▶ THE DATA:
□ □ □ □

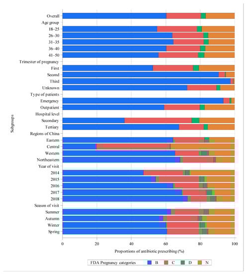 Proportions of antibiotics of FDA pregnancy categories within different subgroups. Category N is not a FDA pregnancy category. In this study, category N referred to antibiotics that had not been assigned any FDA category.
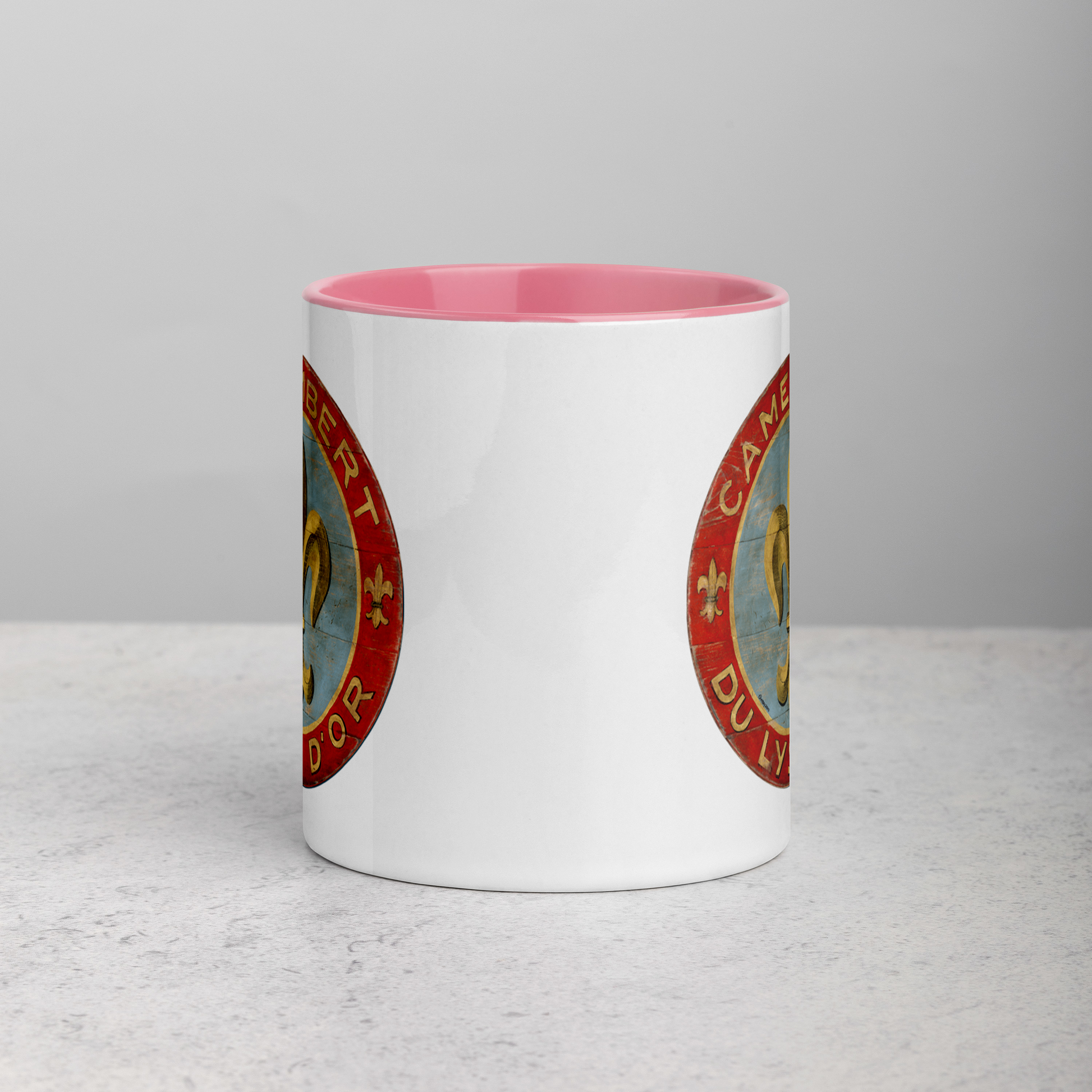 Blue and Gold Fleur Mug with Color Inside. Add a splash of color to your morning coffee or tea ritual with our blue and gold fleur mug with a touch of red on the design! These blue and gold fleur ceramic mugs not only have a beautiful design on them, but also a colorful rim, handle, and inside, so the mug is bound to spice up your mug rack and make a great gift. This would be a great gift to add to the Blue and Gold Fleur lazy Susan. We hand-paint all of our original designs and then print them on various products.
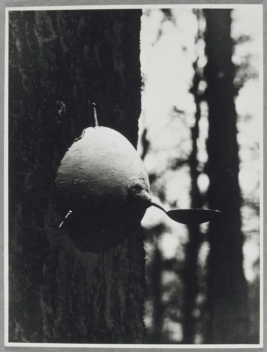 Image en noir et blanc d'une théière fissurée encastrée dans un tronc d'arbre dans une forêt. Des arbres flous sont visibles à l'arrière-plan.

□ □ □ □

The whole listing above must be set down again exactly, but without its images.

 Proportions of antibiotics of FDA pregnancy categories within different subgroups. Category N is not a FDA pregnancy category. In this study, category N referred to antibiotics that had not been assigned any FDA category.
 Blue and Gold Fleur Mug with Color Inside. Add a splash of color to your morning coffee or tea ritual with our blue and gold fleur mug with a touch of red on the design! These blue and gold fleur ceramic mugs not only have a beautiful design on them, but also a colorful rim, handle, and inside, so the mug is bound to spice up your mug rack and make a great gift. This would be a great gift to add to the Blue and Gold Fleur lazy Susan. We hand-paint all of our original designs and then print them on various products.
 Image en noir et blanc d'une théière fissurée encastrée dans un tronc d'arbre dans une forêt. Des arbres flous sont visibles à l'arrière-plan.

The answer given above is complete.